All of us have experienced parting with a loved one. Sometimes you're dragging away a U-Haul for a work re-lo, periodically your girlfriend is taking a semester abroad and you're terrified that some handsome Italian is going to sweep her off her panties and, once in a while, someone is just going on a long trip and will see you next fall. It's hard, it sucks and it's just something we have to deal with. Read: How To Make Long-Distance Love Work
But, according to New York Magazine, there are some who just can't say, "See you in my dreams until I see you with my eyes, beautiful," with dignity. Per the report, a fellow had a hard time saying bon voyage to his lover at the Newark airport and disrupted the whole dadgum show. A woman wormed her way through the security line and the guy fretted. He attempted to reunite with her but was stopped by some real hardcase from the TSA. But the TSA stickler became distracted by a phone call and the man slipped by to embrace, smooch and possibly fondle/dry hump his departing beauty. This momentary act of love/insanity inspired security to evacuate the airport, a hub for international travel, and delay travel for hours and hours at a time.

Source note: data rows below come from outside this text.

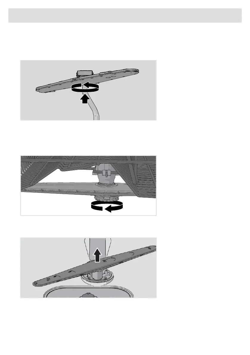• Unscrew the spray arm bearings counterclockwise to remove the spray arm from the upper
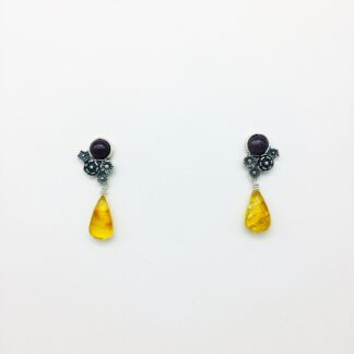ARETES BOLA DE ÁMBAR Y FLORES
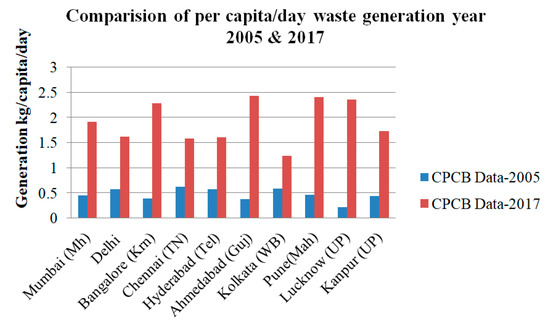 Per capita solid waste (SW) generation rates of various Indian cities (Source: CPCB-2004, CPCB, 2017).
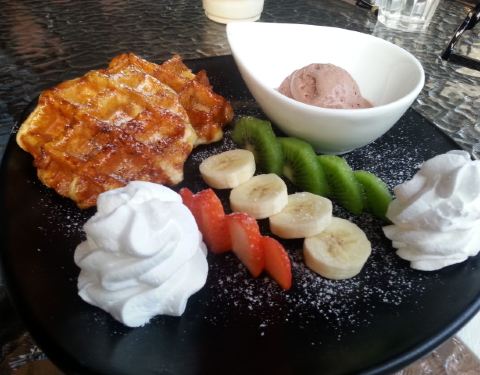 类似的松饼屋 类似的模式 在魔都不少见 正好去思密达一日游 想着可以把这家也扫了 有团购哈 中午前后 店家还没什么人气呢 至少不用排队 可下午的档口 又排到了大门口 好郁闷呐 收银位置 就一个女生 还看她这忙忙 那动动的 十多个人 轮到我半小时都过去了 无聊打发时间的最好方法:wifi 刷网 韩国出品 整个环境和maan 也有的一拼 食物也是 茶包、糖包、搅拌棒、纸巾、茶水 自行获取 选好食物 买好单 凭“震动牌”取食 震动牌有播放视频 其实也挺无趣的 好了 半小时后 我们算是吃上了 ***啊~ 『核桃比利时班特华夫套餐』可配有一款冰激凌 我挑了巧克力 搭配了两块华夫、两坨奶油、草莓、猕猴桃、香蕉切片 奶油好厚 华夫真是。。。能说一炮么 黏连难切 是糖份太多的关系吧 索性切开真真切切看到了核桃 也罢了 『咖啡拿铁』都快放了三分之一的冰块了 牛奶沉底 咖啡飘上 搅拌相融合 我能说冰块影响口感了么
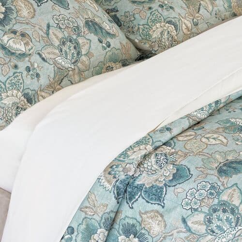 Featuring a large floral pattern inspired by classic Indian block prints, this cotton duvet cover enlivens any space with its design. The reverse side is a bright white, adding a fresh contrast.
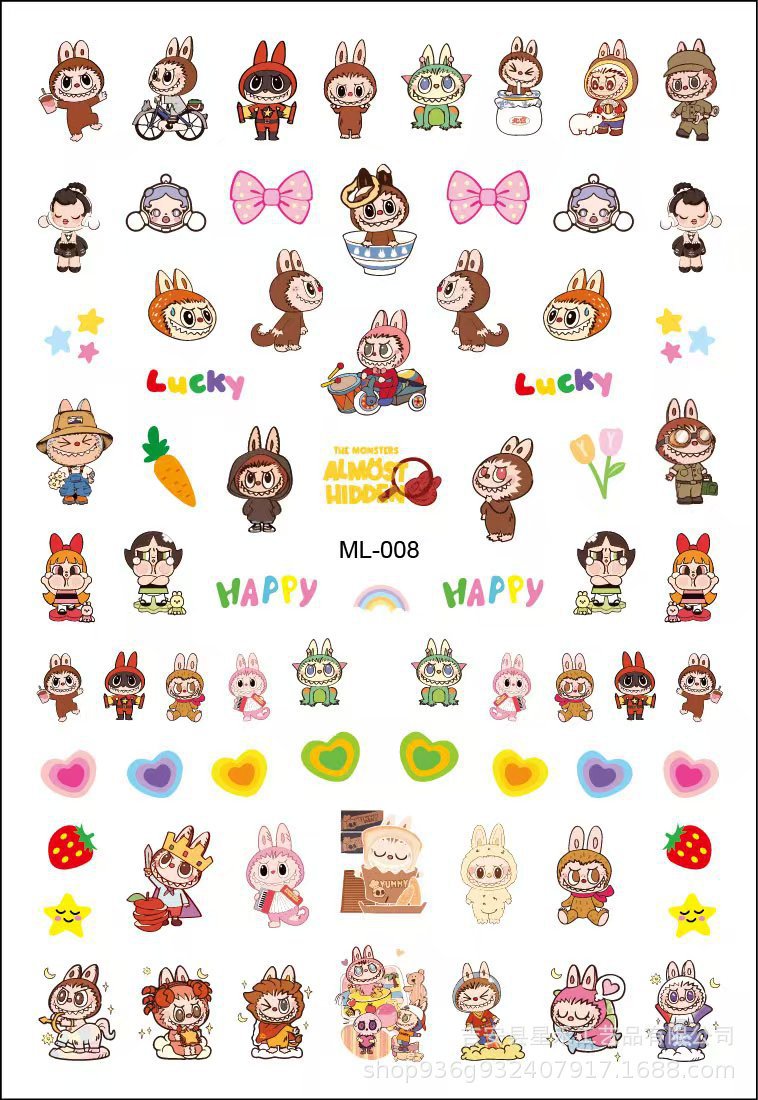 子供のかわいい漫画バニーネイルステッカープリンセスベビー防水ネイルアートデカール子供のおもちゃバニーステッカー
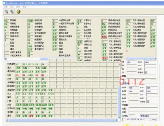 1、中央空調測試程序:中央空調機由于工程復雜,設備分散,有的已經(jīng)裝修在開(kāi)花板上測試程序,一但出現了故障,工程量相當大,為了能夠快速準確地測出故障是由主機機組還是室內機的故障的,每個(gè)生產(chǎn)廠(chǎng)家根據生產(chǎn)的和維修的需要而開(kāi)發(fā)了中央空調測試程序?蓽y試壓縮機的運轉頻率,傳感器的各種數據,電子膨脹閥的工作步數等幾十種中央空調的工作數據和狀態(tài),軟件可實(shí)現對內機的控制,,可以對1-64臺內機的狀態(tài)進(jìn)行設定。是高校提供了好的研究的學(xué)習設備。
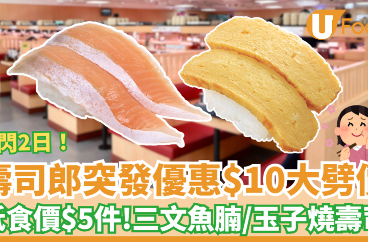 【壽司郎優惠】日本連鎖壽司店「壽司郎Sushiro」帶來年尾驚喜優惠!指定日期推出$10碟大劈價壽司,包括三文魚腩壽司及玉子燒壽司,每碟只需$10,平均$5件超抵食!詳情請查閱$10突發減價壽司詳情,約定朋友一同享用美食!12月29日 (星期一) 及30日 (星期二) 推出$10三文魚腩壽司和$10玉子燒壽司,每件只需$5!限時優惠,數量有限,售完即止。優惠只適用於堂食,不設外賣自取。詳情請向店員查詢。別錯過這個驚喜優惠!👉🏻壽司郎分店及菜單:按此。記得留意訂購平台使用條款及細則,一切以平台及餐廳公佈價格為準。數量有限,售完即止,U Lifestyle 概不負責。快來壽司郎享受冬日美味祭,新品低至$12一碟,包括煮穴子、熱食、擔擔麵等,每款都是必試滋味,令人垂涎!詳情查閱完整Menu及價錢。 想知得更多詳情?立即Click這裡 本文章由Open AI人工智能編寫,僅屬學術用途。 可參考相關同類新聞
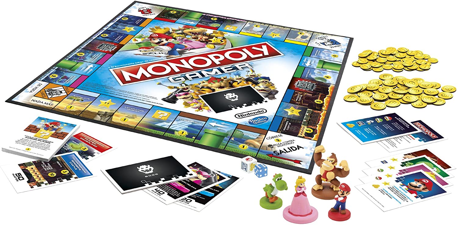 Monopoly y Nintendo se unen para darte la versión Monopoly Gamer la cual cuenta con personajes de Super Mario. En esta versión única podrás comprar propiedades, pagar alquiler y recolectar monedas para ser el ganador. El juego termina cuando Bowser haya sido derrotado. El jugador con la puntuación más alta gana.
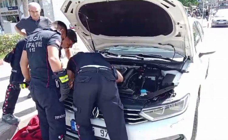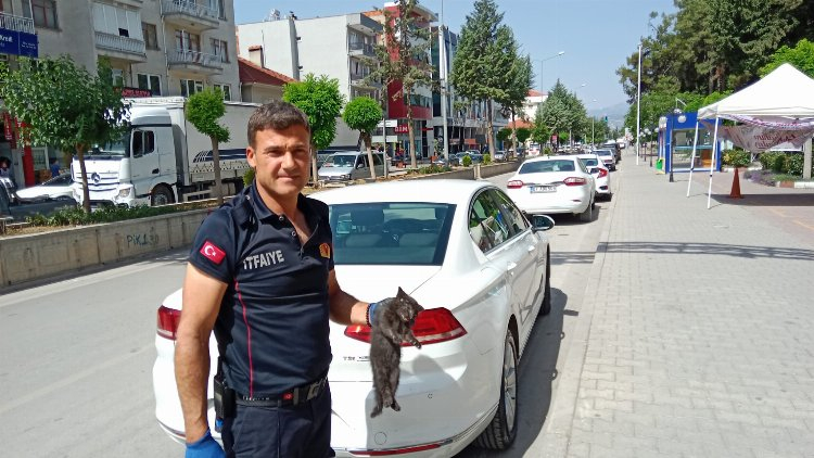 Araç sahibin de gelmesiyle ön kaput bölümü açılarak kurtarma çalışması yapan itfaiye ekipleri yavru kedinin sıkıştığı yeri tespit etti.
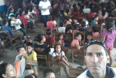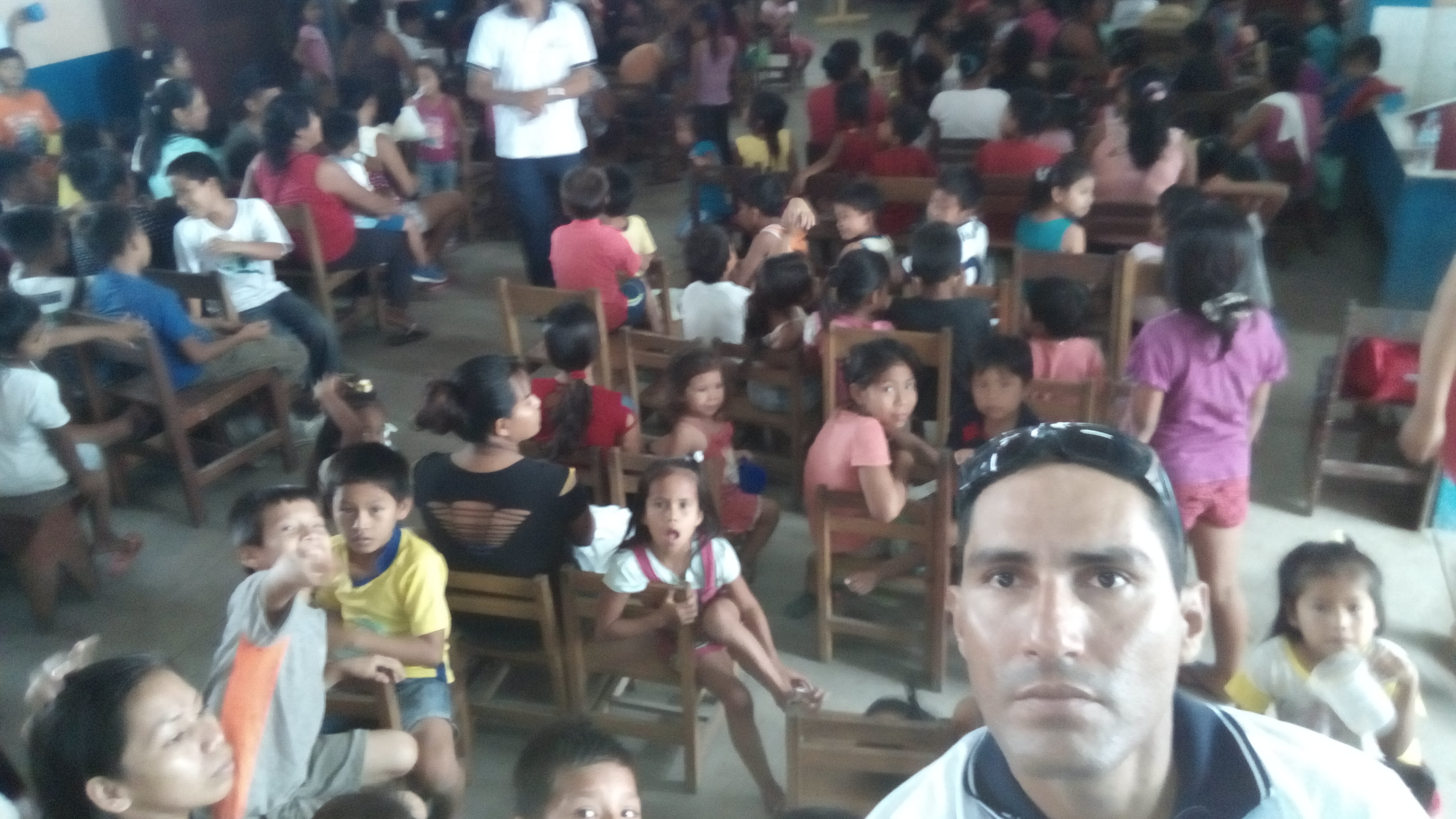 Organizando a los niños para que esperen el inicio de la chocolatada.

While many people would probably compare this to Love Actually, I feel it's a bit more similar to the events that precede the Iliad… Helen leaves for Troy, Greek panties are bunched and the rest is history (or, more accurately, mythology). I'm not sure if the lovesick guy or the TSA and the angry passengers are the Greek armada in this scenario.
Is there a lesson? Again, probably nope. Maybe tear-filled fare-ye-wells are best when performed at home or, at worst, train depots or cruise ship railings. Read: Holiday Travel Love Stories
Any thoughts on making the first day or so of separation easier? Does it involve sneaking a pair of panties* into someone's luggage? Is this a good reason to avoid dating women potentially out of your league?
*Note: I used the word "panties" three times. Good times!